## [Work to be completed]
Lines of the data that contain the word "storage" are the ones to copy.
====== Data shown ======
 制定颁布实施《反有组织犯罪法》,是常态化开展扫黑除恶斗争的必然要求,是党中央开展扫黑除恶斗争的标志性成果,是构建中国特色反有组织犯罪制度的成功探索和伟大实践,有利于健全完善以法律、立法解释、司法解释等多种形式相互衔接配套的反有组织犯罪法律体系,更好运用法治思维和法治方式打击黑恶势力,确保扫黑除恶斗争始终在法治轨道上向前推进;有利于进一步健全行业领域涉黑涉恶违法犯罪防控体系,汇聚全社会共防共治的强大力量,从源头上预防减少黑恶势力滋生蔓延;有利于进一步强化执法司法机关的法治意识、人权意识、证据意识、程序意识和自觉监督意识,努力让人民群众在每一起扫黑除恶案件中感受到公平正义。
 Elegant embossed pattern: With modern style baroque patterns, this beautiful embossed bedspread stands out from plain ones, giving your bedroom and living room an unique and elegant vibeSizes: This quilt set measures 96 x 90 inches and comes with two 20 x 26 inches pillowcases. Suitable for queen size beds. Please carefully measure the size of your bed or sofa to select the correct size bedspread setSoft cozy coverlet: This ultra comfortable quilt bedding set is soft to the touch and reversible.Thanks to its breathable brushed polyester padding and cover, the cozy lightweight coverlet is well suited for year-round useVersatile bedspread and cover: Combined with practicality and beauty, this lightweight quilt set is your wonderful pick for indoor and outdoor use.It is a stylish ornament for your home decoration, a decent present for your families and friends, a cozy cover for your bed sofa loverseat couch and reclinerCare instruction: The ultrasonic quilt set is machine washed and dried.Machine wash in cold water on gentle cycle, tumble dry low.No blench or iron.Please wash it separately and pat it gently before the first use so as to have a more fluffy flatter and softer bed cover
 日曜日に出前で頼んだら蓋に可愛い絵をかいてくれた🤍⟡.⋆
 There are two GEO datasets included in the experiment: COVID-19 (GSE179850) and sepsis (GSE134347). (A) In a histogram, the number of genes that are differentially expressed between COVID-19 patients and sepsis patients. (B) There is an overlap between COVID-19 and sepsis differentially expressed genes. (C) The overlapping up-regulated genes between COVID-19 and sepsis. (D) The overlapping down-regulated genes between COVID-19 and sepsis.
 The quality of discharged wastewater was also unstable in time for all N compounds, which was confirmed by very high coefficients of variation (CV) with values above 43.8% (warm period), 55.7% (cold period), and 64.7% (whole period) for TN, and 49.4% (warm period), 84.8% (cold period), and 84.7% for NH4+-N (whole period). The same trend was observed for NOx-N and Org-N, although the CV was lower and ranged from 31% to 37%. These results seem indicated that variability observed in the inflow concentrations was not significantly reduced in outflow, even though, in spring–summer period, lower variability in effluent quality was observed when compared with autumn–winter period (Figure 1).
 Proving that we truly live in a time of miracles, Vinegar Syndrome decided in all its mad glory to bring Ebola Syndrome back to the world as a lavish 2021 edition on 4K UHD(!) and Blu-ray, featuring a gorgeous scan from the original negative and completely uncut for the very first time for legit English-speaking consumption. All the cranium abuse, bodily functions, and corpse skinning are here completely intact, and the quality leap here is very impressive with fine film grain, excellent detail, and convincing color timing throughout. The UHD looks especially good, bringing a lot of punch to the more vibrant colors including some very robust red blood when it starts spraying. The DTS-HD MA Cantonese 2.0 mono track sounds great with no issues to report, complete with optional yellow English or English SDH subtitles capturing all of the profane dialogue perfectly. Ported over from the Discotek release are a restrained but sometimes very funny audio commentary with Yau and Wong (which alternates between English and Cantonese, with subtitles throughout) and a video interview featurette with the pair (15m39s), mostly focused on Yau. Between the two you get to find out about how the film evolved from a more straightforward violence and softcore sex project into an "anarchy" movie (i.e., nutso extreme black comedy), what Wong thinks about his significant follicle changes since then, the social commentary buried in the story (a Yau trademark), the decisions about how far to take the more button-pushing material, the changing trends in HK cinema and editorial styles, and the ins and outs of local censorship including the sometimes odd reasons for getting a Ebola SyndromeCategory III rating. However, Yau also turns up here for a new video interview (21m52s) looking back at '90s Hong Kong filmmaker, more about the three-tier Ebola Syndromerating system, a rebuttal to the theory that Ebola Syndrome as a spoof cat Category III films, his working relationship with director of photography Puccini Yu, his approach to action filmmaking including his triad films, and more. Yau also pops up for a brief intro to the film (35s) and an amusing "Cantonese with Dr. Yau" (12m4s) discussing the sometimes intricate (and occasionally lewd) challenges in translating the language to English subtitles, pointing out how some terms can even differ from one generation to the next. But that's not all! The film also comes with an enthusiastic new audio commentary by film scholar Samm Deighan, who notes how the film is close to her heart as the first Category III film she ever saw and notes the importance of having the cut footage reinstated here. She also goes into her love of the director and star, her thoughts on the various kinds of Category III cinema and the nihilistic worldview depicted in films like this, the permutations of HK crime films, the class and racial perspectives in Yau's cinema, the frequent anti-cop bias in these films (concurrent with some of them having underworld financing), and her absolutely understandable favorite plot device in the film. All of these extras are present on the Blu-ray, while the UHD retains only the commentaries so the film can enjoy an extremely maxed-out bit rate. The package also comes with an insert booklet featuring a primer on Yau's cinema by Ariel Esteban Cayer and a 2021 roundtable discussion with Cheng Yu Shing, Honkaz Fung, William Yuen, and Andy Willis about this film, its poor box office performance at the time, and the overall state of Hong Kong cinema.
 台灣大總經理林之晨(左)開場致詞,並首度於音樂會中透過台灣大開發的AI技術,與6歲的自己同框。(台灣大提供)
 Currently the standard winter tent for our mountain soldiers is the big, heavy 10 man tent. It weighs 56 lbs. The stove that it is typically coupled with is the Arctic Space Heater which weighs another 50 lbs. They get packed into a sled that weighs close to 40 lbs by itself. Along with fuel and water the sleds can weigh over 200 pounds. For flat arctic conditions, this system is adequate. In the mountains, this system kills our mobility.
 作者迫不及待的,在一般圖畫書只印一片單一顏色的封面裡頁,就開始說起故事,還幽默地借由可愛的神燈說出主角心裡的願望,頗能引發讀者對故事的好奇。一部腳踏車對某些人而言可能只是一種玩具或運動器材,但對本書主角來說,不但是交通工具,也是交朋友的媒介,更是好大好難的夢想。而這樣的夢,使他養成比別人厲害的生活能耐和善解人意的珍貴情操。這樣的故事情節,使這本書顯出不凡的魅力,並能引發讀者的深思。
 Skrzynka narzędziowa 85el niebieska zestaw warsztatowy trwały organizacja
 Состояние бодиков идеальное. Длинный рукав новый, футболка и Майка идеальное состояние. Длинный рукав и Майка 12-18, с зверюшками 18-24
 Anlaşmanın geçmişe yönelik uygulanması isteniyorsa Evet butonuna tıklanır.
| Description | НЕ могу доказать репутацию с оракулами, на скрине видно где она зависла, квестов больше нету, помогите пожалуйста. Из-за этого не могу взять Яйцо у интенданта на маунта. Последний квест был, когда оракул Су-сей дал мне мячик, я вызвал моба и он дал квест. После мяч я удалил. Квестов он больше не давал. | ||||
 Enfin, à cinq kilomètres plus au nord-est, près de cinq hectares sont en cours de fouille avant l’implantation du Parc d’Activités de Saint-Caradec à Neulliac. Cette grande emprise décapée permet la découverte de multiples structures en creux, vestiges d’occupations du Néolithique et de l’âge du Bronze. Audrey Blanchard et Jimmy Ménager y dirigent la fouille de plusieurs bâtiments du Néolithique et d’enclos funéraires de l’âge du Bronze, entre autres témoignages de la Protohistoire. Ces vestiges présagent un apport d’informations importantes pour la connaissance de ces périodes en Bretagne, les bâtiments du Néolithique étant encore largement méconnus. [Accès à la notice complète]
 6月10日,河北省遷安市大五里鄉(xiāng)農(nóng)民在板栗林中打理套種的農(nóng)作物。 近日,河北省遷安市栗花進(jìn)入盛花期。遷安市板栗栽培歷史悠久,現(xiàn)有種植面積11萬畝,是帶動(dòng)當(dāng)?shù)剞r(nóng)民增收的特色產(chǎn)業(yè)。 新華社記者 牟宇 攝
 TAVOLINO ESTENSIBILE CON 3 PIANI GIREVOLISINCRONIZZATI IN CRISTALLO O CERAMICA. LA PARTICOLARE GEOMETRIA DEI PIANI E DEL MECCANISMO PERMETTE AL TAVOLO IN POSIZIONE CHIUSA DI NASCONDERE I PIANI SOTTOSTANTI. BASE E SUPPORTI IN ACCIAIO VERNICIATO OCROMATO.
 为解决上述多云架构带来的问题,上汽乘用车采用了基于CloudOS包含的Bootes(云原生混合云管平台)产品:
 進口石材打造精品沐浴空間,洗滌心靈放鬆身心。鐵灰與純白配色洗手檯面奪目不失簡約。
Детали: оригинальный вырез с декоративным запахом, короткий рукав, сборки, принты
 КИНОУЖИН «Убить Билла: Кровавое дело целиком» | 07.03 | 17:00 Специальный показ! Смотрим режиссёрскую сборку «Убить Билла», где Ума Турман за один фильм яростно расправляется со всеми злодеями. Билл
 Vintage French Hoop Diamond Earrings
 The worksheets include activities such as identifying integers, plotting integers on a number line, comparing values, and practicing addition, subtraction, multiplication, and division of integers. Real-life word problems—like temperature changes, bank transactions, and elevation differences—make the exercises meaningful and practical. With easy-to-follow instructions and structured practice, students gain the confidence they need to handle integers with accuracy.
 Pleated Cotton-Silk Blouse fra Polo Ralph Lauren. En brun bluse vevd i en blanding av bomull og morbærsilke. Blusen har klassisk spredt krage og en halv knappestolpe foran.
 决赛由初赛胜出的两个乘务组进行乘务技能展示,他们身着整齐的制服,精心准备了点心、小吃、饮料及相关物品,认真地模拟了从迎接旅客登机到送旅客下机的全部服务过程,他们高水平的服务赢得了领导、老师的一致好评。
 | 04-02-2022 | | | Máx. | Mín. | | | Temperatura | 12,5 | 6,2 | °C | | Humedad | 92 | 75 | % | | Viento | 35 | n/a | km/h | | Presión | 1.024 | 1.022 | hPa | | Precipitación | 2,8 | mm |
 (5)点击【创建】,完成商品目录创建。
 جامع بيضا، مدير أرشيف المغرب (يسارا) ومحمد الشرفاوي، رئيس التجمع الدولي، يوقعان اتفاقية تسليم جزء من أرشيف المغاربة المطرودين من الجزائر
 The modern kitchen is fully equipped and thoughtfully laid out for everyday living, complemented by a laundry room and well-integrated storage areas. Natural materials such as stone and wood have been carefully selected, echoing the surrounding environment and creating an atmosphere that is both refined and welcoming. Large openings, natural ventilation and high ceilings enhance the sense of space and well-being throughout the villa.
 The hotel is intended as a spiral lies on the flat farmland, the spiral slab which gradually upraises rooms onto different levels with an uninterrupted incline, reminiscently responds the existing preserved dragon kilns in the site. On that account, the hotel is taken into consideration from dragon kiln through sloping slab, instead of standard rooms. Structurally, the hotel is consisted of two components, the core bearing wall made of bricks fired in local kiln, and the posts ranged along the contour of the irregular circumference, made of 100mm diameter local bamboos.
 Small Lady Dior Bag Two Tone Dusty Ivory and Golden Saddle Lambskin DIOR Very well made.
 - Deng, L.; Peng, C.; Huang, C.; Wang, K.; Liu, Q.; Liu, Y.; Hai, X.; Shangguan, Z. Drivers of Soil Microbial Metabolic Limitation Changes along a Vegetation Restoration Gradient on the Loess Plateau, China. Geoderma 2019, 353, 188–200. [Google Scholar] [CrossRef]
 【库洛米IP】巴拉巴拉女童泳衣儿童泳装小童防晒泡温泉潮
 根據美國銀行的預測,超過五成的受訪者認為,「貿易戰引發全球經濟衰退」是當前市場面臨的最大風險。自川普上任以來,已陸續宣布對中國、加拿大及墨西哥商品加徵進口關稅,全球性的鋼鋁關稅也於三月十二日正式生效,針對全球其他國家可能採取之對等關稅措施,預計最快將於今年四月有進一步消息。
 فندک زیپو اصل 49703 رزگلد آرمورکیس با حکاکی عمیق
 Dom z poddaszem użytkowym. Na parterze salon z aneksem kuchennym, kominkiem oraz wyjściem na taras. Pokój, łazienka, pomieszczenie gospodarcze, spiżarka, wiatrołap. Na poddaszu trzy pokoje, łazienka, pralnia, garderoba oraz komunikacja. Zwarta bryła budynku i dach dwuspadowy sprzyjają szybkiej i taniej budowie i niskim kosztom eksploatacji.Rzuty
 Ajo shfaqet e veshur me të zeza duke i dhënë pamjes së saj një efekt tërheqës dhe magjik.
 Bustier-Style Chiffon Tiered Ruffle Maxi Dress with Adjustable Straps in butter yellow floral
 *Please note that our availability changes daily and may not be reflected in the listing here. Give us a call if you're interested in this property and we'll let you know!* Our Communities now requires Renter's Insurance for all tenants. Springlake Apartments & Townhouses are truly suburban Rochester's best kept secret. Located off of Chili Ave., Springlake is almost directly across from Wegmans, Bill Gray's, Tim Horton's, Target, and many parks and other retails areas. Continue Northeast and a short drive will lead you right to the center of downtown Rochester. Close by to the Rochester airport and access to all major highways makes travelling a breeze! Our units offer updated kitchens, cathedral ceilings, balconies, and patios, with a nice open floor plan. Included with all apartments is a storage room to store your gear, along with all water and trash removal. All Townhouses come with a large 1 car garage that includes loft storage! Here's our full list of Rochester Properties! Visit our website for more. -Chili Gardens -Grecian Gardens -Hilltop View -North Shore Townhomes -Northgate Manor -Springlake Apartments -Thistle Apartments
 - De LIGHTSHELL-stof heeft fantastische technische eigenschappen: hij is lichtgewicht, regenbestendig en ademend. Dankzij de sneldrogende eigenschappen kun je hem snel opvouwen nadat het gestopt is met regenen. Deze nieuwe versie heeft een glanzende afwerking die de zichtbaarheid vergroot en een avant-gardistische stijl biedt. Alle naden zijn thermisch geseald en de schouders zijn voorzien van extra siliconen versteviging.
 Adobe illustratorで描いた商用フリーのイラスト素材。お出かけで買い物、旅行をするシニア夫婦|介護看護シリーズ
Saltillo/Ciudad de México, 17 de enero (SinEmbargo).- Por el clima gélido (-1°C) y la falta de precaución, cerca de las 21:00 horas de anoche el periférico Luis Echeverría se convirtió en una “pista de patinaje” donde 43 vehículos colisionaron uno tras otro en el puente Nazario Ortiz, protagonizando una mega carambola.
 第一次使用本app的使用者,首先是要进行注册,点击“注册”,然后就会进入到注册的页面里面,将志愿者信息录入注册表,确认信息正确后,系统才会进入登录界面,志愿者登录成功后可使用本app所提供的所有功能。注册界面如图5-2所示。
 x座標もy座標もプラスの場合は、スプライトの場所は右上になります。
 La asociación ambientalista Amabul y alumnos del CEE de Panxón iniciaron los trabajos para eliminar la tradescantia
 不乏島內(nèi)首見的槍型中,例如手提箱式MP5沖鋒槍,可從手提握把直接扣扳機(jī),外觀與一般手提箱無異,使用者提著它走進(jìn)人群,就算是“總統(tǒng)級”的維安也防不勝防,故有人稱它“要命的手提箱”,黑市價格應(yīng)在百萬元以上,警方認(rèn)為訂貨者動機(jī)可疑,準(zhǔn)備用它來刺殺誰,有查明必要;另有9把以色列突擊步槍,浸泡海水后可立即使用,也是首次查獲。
======
## [Solution to this problem]
 The modern kitchen is fully equipped and thoughtfully laid out for everyday living, complemented by a laundry room and well-integrated storage areas. Natural materials such as stone and wood have been carefully selected, echoing the surrounding environment and creating an atmosphere that is both refined and welcoming. Large openings, natural ventilation and high ceilings enhance the sense of space and well-being throughout the villa.
 *Please note that our availability changes daily and may not be reflected in the listing here. Give us a call if you're interested in this property and we'll let you know!* Our Communities now requires Renter's Insurance for all tenants. Springlake Apartments & Townhouses are truly suburban Rochester's best kept secret. Located off of Chili Ave., Springlake is almost directly across from Wegmans, Bill Gray's, Tim Horton's, Target, and many parks and other retails areas. Continue Northeast and a short drive will lead you right to the center of downtown Rochester. Close by to the Rochester airport and access to all major highways makes travelling a breeze! Our units offer updated kitchens, cathedral ceilings, balconies, and patios, with a nice open floor plan. Included with all apartments is a storage room to store your gear, along with all water and trash removal. All Townhouses come with a large 1 car garage that includes loft storage! Here's our full list of Rochester Properties! Visit our website for more. -Chili Gardens -Grecian Gardens -Hilltop View -North Shore Townhomes -Northgate Manor -Springlake Apartments -Thistle Apartments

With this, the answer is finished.